### Problem
The entries that follow contain images, which should be left out; output everything else exactly.

BEGIN Given data

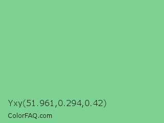 Yxy 51.961,0.294,0.42 Color is a light green color and the nearest color is De York #7ac488. Hex code #7dd192 and RGB value is rgb(125,209,146). In RGB color space, this color is composed of 49% red, 82% green, 57% blue, In CMYK color space, this color is composed of 40% cyan, 0% magenta, 30% yellow , 18% black , In HSL color space, this color has a hue angle of 135° , 48% saturation and 65% lightness.
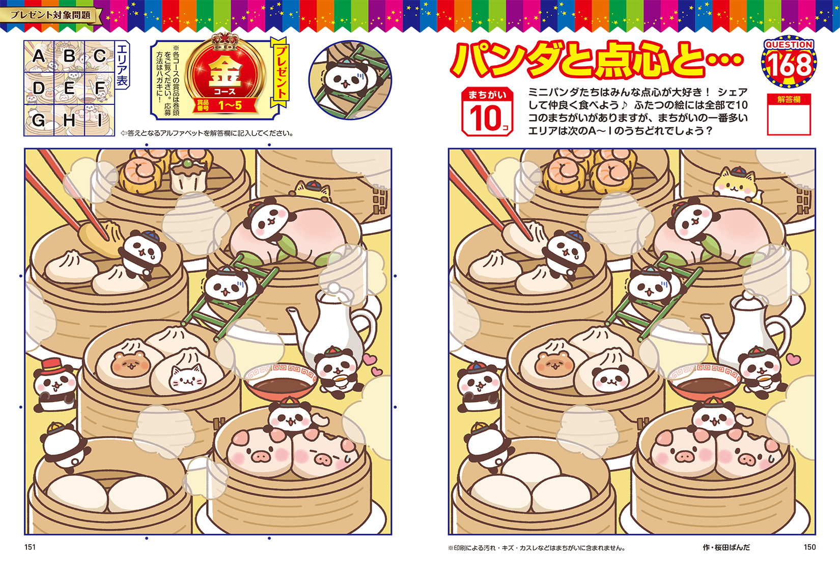 ●イラストはタテ長・ヨコ長の長方形、ヨコがすごく長いパノラマワイドなど多様なサイズを用意しています。タッチやアングルが変わったり、イラスト内にあるまちがいの数、対象エリアの設定も違うなど、解き方が豊富なのも本誌の大きな特徴です。なかにはひと筋縄ではいかない、ちょっと「イジワル」な問題も……。
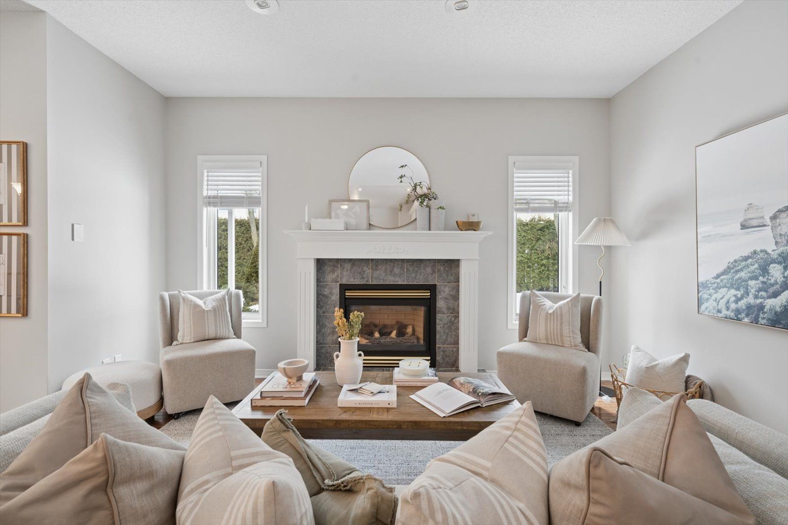 Located in a well-established courtice neighbourhood, this solid brick bungalow offers comfortable main-floor living with over 1,800 sq. Ft. Of thoughtfully designed space. Featuring 9 ft ceilings throughout, the main level includes a bright combined living and dining area with large window, a spacious kitchen with adjoining breakfast area and walk-out, and a welcoming family room with hardwood flooring and a gas fireplace. A main floor office with french doors provides an ideal work-from-home space and could easily function as a third bedroom if desired. The primary bedroom features a 4-piece ensuite and double closet, while the second bedroom offers generous space for family or guests. The unfinished basement presents excellent potential for additional living space. The private backyard is surrounded by evergreens, creating a peaceful outdoor setting. Complete with an attached double garage and ample driveway parking, this home offers space, flexibility, and comfort in a desirable community.
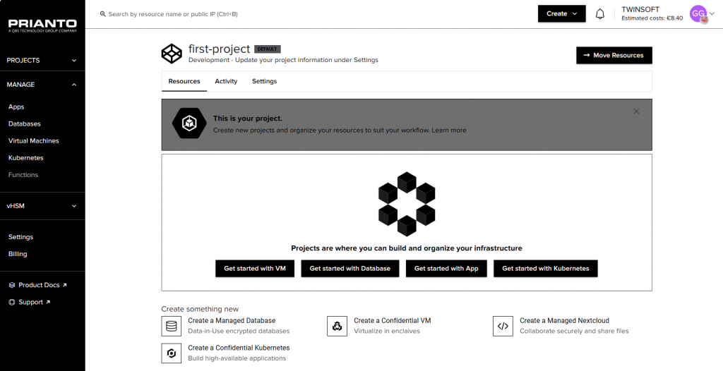 Loggt sich ein User beim Web-Interface der Lösung ein (uns stellte für diese Analyse der Enclaive-Partner „Prianto“ einen entsprechenden Zugang zur Verfügung), so landet er in einer Übersicht der existierenden Kundenprojekte. Hier hat er die Möglichkeit, Projekte anzulegen und zu verwalten.
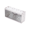 Las cajas multigang de acero galvanizado de 2 1/2' de profundidad con entradas para tubería de 1/2' y 3/4'.
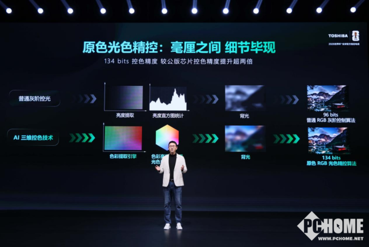 有了好硬件,还需要一颗强大的“大脑”。东芝全新升级的自研ZRα AI光色同控芯片,完成了一次行业跨越:从二维控光,进化到三维光色同控。它内置的AI三维控色算法,能够智能识别画面内容,对亮度与色彩进行同步协同调控,控色精度高达134bits。这一精度的实现,使得其对色调、饱和度、亮度的控制能力,较普通SOC芯片提升了超过400%。当这项技术驱动最高四万级控色分区时,呈现出的结果便是色彩层次更精细、画面细节更丰富,最终实现了色彩视角提升50%、画面均匀性提升30%、以及光晕减少60%的显著画质跃升。
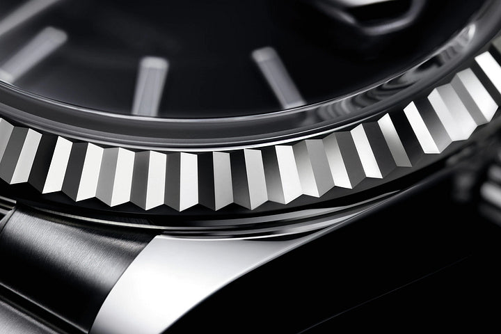 ロレックス フルーテッドベゼルは 卓越性の象徴。元来 オイスターベゼルの刻みにはベゼルをケースにねじ込み 時計の防水性能を確実にする機能的な目的があった。したがって その刻みはバックケースにも施されており 防水性能の維持という同じ理由で ロレックス独自のツールを用いてケースにねじ込まれていた。時を経て ベゼルの刻みはデザインの要素となり ロレックスのシンボルとなった。現在 フルーテッドベゼルは卓越性の象徴であり ゴールドのみで製造されている。
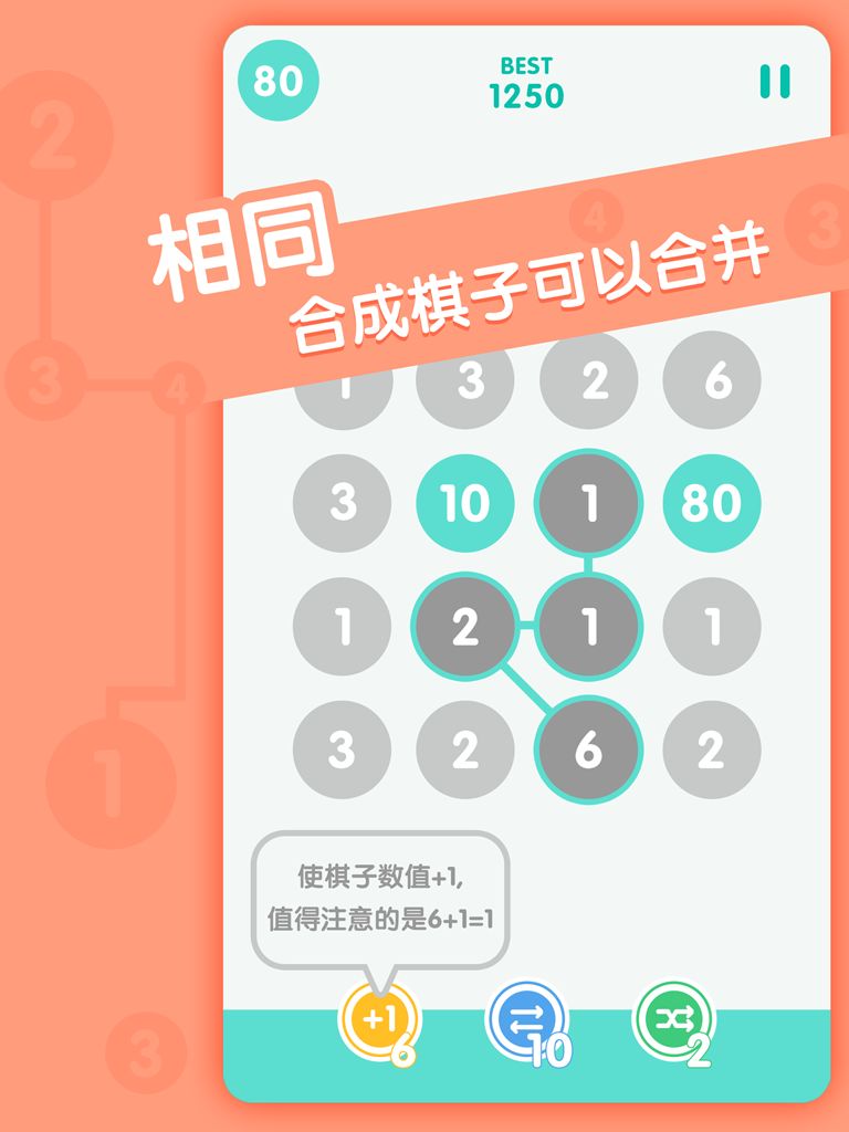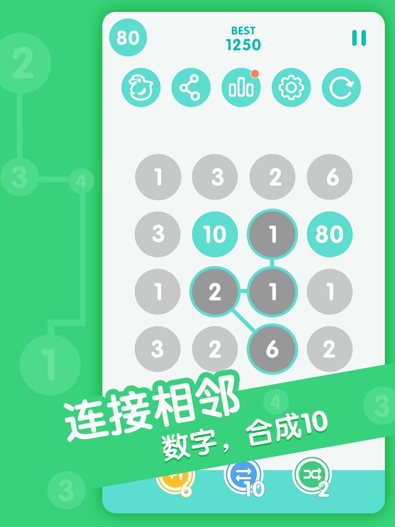 将数字任意方向相连,使得总和为10即可合并为一。

END Given data

### Reply to the exercise
 Yxy 51.961,0.294,0.42 Color is a light green color and the nearest color is De York #7ac488. Hex code #7dd192 and RGB value is rgb(125,209,146). In RGB color space, this color is composed of 49% red, 82% green, 57% blue, In CMYK color space, this color is composed of 40% cyan, 0% magenta, 30% yellow , 18% black , In HSL color space, this color has a hue angle of 135° , 48% saturation and 65% lightness.
 ●イラストはタテ長・ヨコ長の長方形、ヨコがすごく長いパノラマワイドなど多様なサイズを用意しています。タッチやアングルが変わったり、イラスト内にあるまちがいの数、対象エリアの設定も違うなど、解き方が豊富なのも本誌の大きな特徴です。なかにはひと筋縄ではいかない、ちょっと「イジワル」な問題も……。
 Located in a well-established courtice neighbourhood, this solid brick bungalow offers comfortable main-floor living with over 1,800 sq. Ft. Of thoughtfully designed space. Featuring 9 ft ceilings throughout, the main level includes a bright combined living and dining area with large window, a spacious kitchen with adjoining breakfast area and walk-out, and a welcoming family room with hardwood flooring and a gas fireplace. A main floor office with french doors provides an ideal work-from-home space and could easily function as a third bedroom if desired. The primary bedroom features a 4-piece ensuite and double closet, while the second bedroom offers generous space for family or guests. The unfinished basement presents excellent potential for additional living space. The private backyard is surrounded by evergreens, creating a peaceful outdoor setting. Complete with an attached double garage and ample driveway parking, this home offers space, flexibility, and comfort in a desirable community.
 Loggt sich ein User beim Web-Interface der Lösung ein (uns stellte für diese Analyse der Enclaive-Partner „Prianto“ einen entsprechenden Zugang zur Verfügung), so landet er in einer Übersicht der existierenden Kundenprojekte. Hier hat er die Möglichkeit, Projekte anzulegen und zu verwalten.
 Las cajas multigang de acero galvanizado de 2 1/2' de profundidad con entradas para tubería de 1/2' y 3/4'.
 有了好硬件,还需要一颗强大的“大脑”。东芝全新升级的自研ZRα AI光色同控芯片,完成了一次行业跨越:从二维控光,进化到三维光色同控。它内置的AI三维控色算法,能够智能识别画面内容,对亮度与色彩进行同步协同调控,控色精度高达134bits。这一精度的实现,使得其对色调、饱和度、亮度的控制能力,较普通SOC芯片提升了超过400%。当这项技术驱动最高四万级控色分区时,呈现出的结果便是色彩层次更精细、画面细节更丰富,最终实现了色彩视角提升50%、画面均匀性提升30%、以及光晕减少60%的显著画质跃升。
 ロレックス フルーテッドベゼルは 卓越性の象徴。元来 オイスターベゼルの刻みにはベゼルをケースにねじ込み 時計の防水性能を確実にする機能的な目的があった。したがって その刻みはバックケースにも施されており 防水性能の維持という同じ理由で ロレックス独自のツールを用いてケースにねじ込まれていた。時を経て ベゼルの刻みはデザインの要素となり ロレックスのシンボルとなった。現在 フルーテッドベゼルは卓越性の象徴であり ゴールドのみで製造されている。
 将数字任意方向相连,使得总和为10即可合并为一。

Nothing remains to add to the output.